● **WHAT THE EXERCISE ASKS**
Below are some records. Retype exactly the lines from the one containing "リフォーム前は居室で奥の窓の" through the one containing "本公司拖鏈采用全新增強尼龍6", both included, skipping every picture.

● **DATA TO PROCESS**

* * * * * * * * *

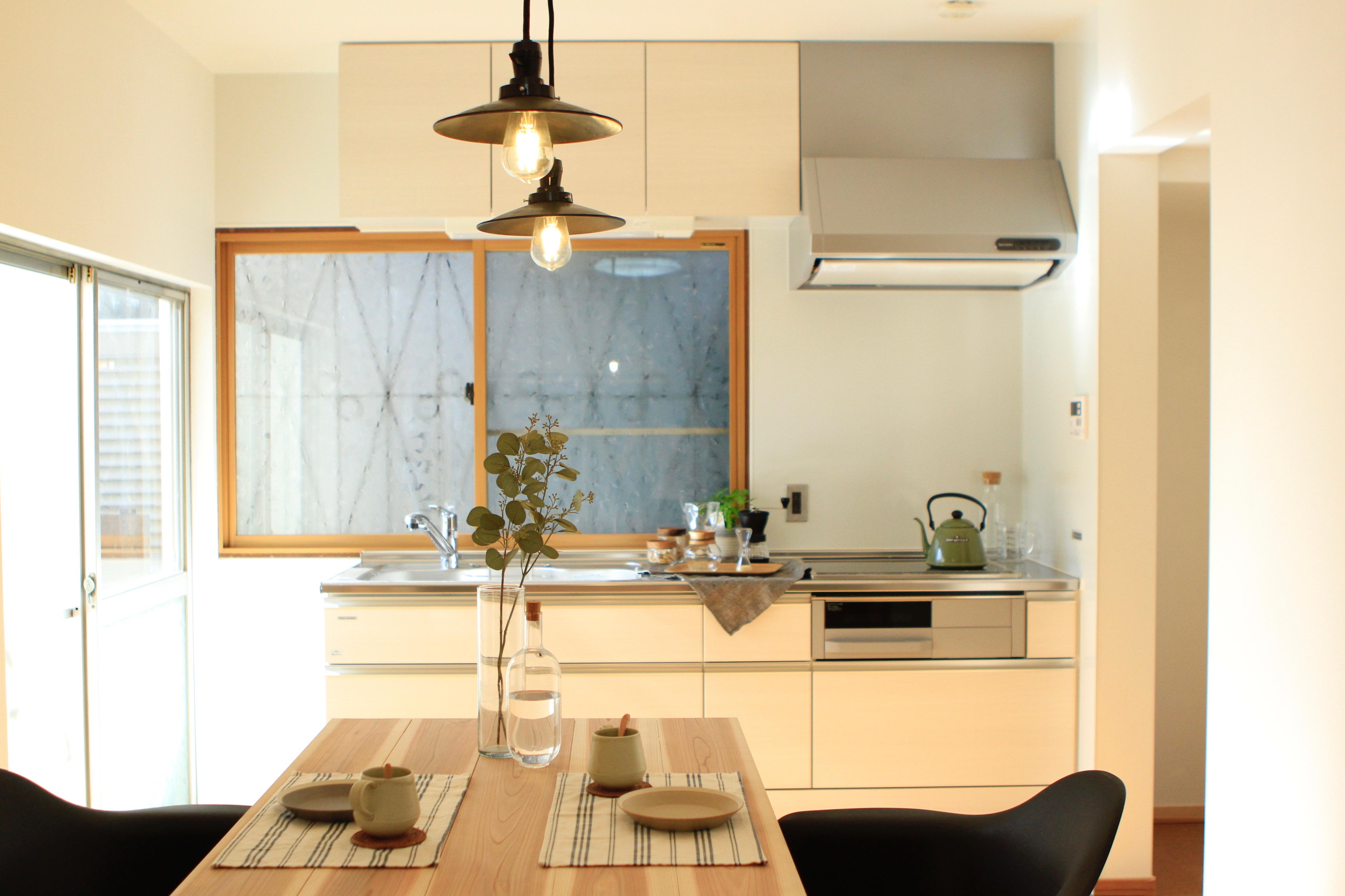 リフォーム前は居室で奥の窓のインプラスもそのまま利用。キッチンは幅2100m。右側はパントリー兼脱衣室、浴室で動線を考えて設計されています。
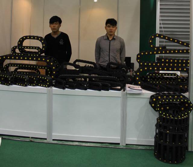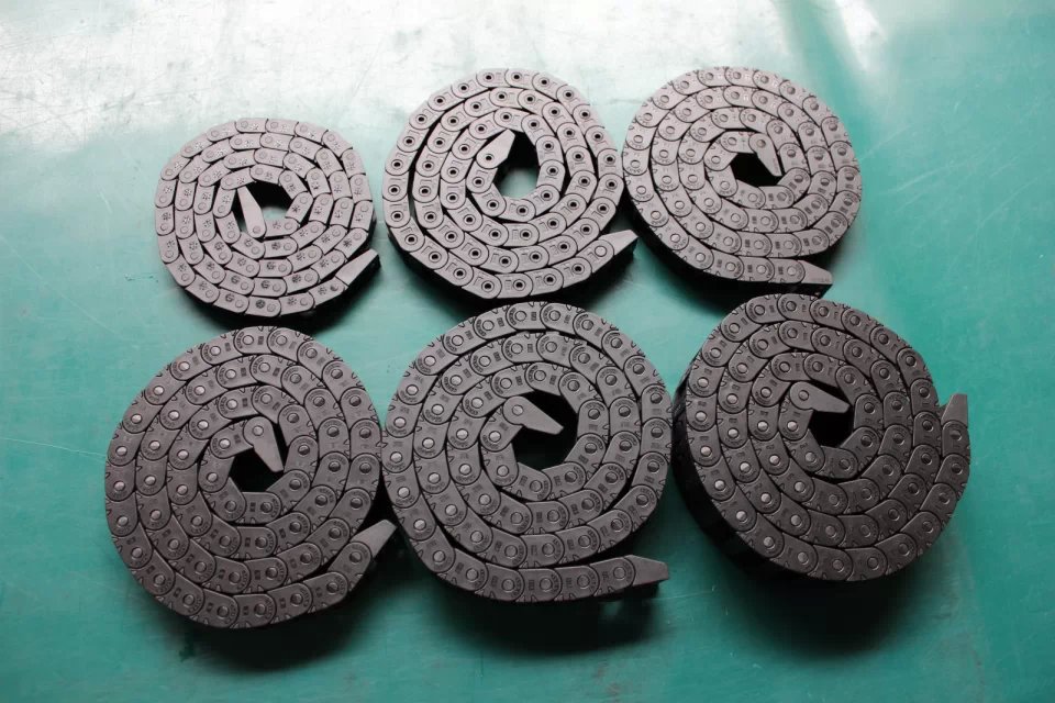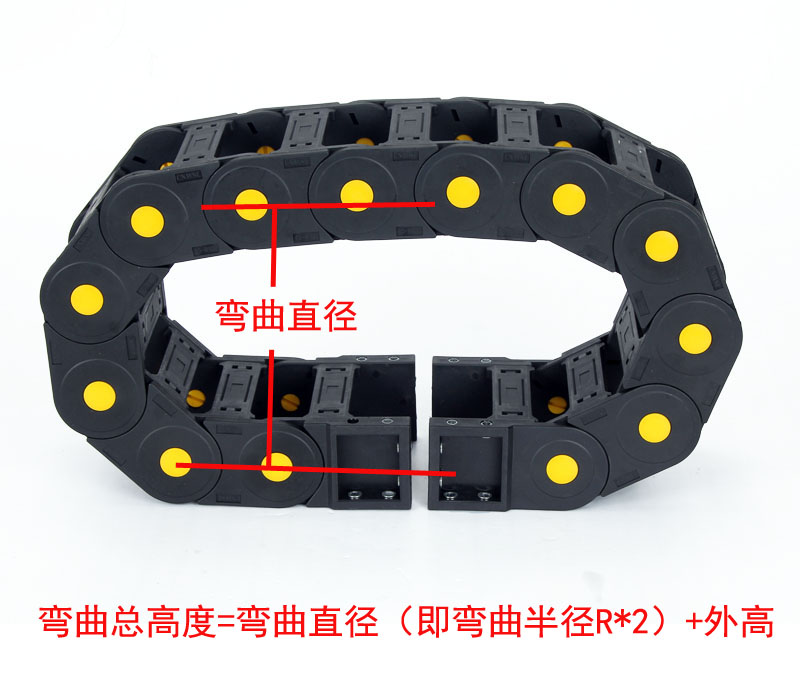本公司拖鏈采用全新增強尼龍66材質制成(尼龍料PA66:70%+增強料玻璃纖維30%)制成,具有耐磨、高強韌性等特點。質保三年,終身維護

* * * * * * * * *

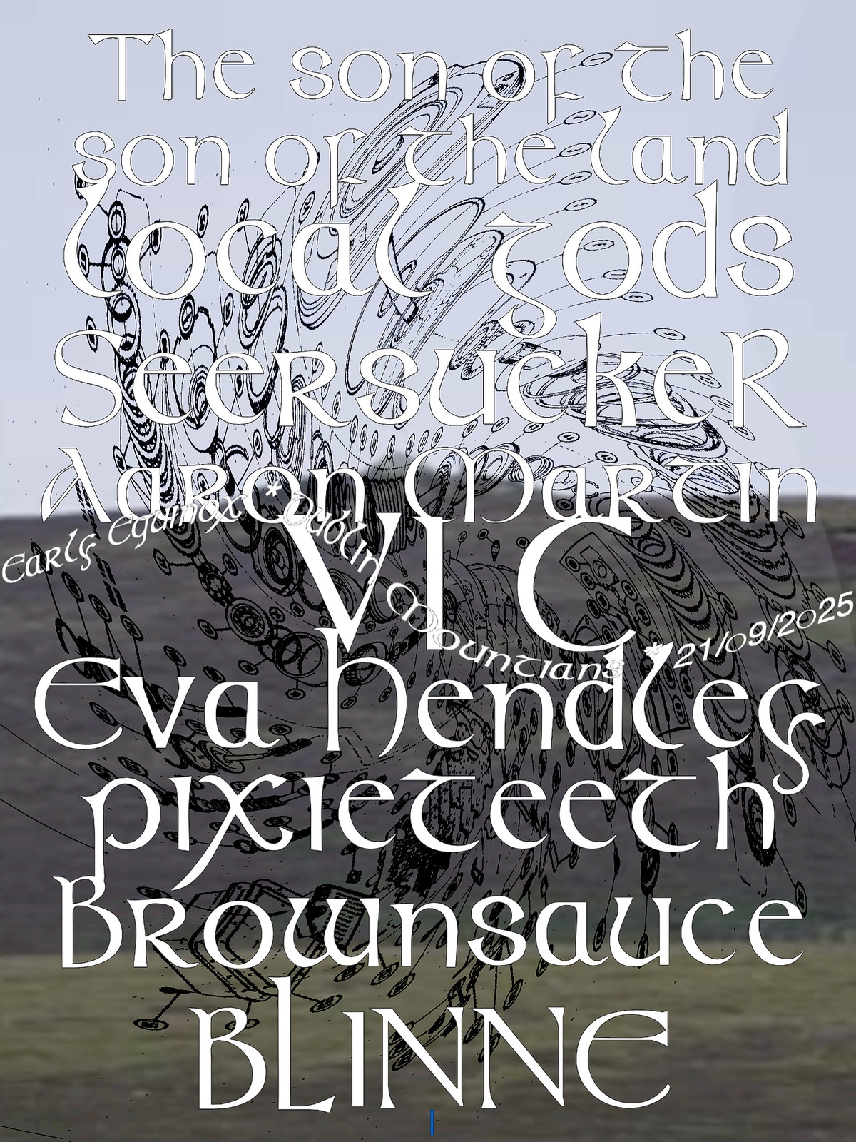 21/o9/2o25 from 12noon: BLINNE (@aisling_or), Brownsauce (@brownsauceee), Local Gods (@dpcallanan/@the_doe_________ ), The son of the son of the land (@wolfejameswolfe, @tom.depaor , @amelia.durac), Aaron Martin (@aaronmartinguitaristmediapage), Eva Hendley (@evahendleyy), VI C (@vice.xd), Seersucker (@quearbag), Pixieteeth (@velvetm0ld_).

* * * * * * * * *

● **SOLUTION BELOW**
 リフォーム前は居室で奥の窓のインプラスもそのまま利用。キッチンは幅2100m。右側はパントリー兼脱衣室、浴室で動線を考えて設計されています。
本公司拖鏈采用全新增強尼龍66材質制成(尼龍料PA66:70%+增強料玻璃纖維30%)制成,具有耐磨、高強韌性等特點。質保三年,終身維護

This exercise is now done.